*** SOURCE MATERIAL ***

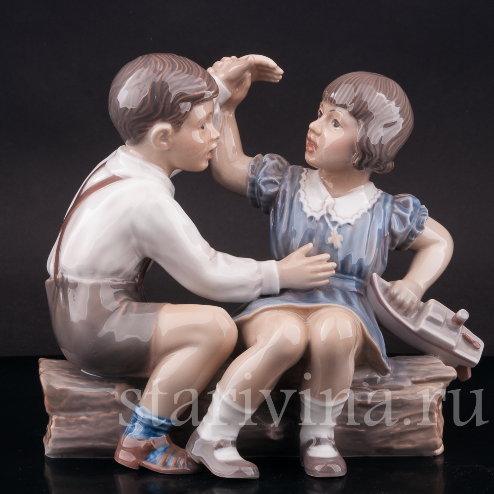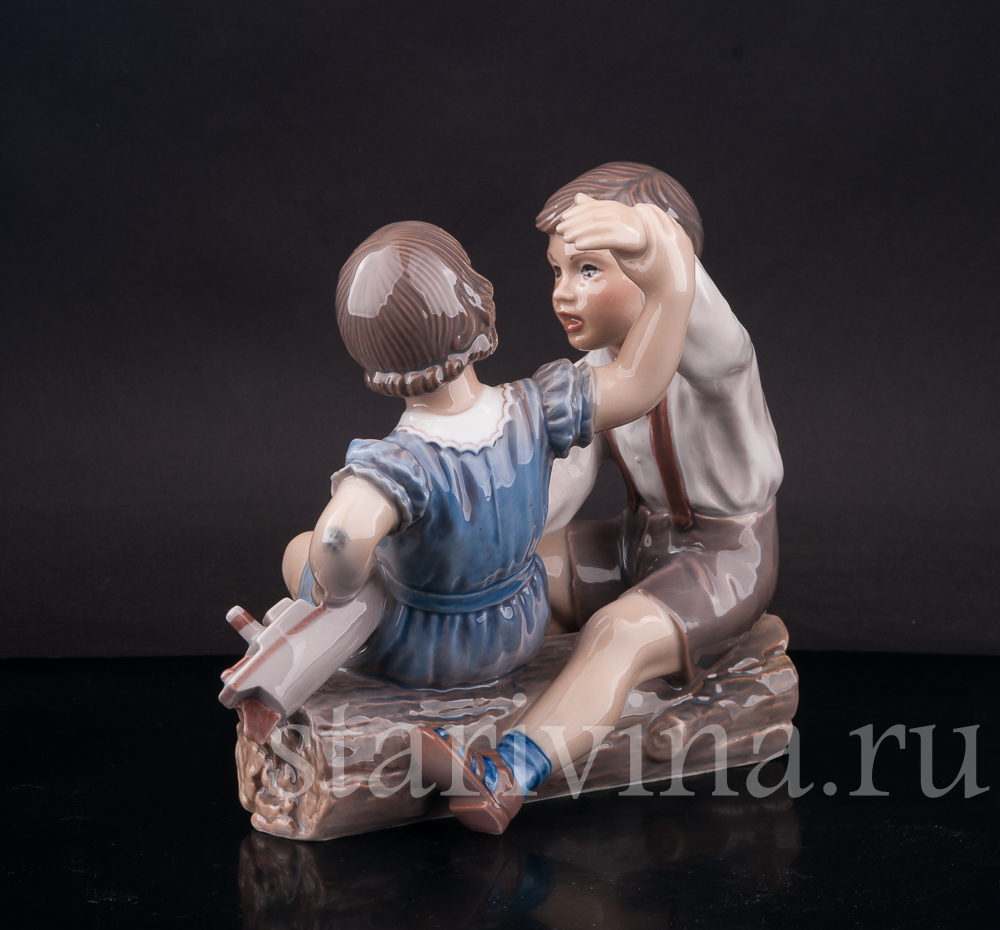 Фигурка из фарфора Девочка и мальчик с корабликом, Dahl Jensen, Дания, 1920-80 гг.
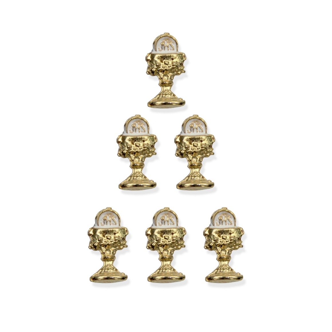BO112009P6 - Botton Primeira Eucaristia Cálice Dourado c/ 6un. - 1,5x0,8cm
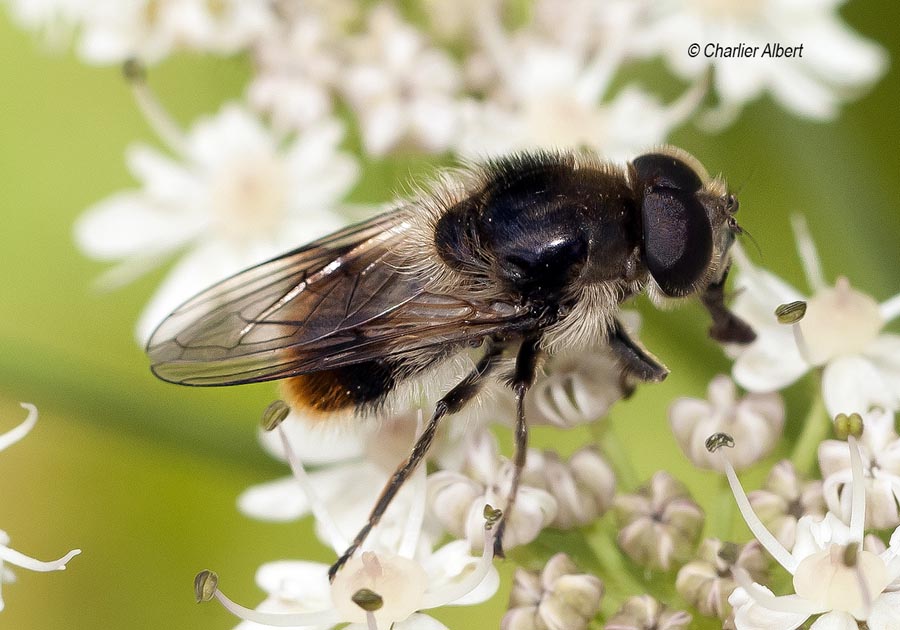 Diptera – Syrphidae – Cheilosie illustrée : petit syrphe qui rappelle vaguement un bourdon. Butine régulièrement sur les ombellifères (Heracleum).

***

**HOW TO COMPLETE THIS TASK**
Please output the material above unchanged, apart from removing the pictures.

**TASK ANSWER**
 Фигурка из фарфора Девочка и мальчик с корабликом, Dahl Jensen, Дания, 1920-80 гг.
BO112009P6 - Botton Primeira Eucaristia Cálice Dourado c/ 6un. - 1,5x0,8cm
 Diptera – Syrphidae – Cheilosie illustrée : petit syrphe qui rappelle vaguement un bourdon. Butine régulièrement sur les ombellifères (Heracleum).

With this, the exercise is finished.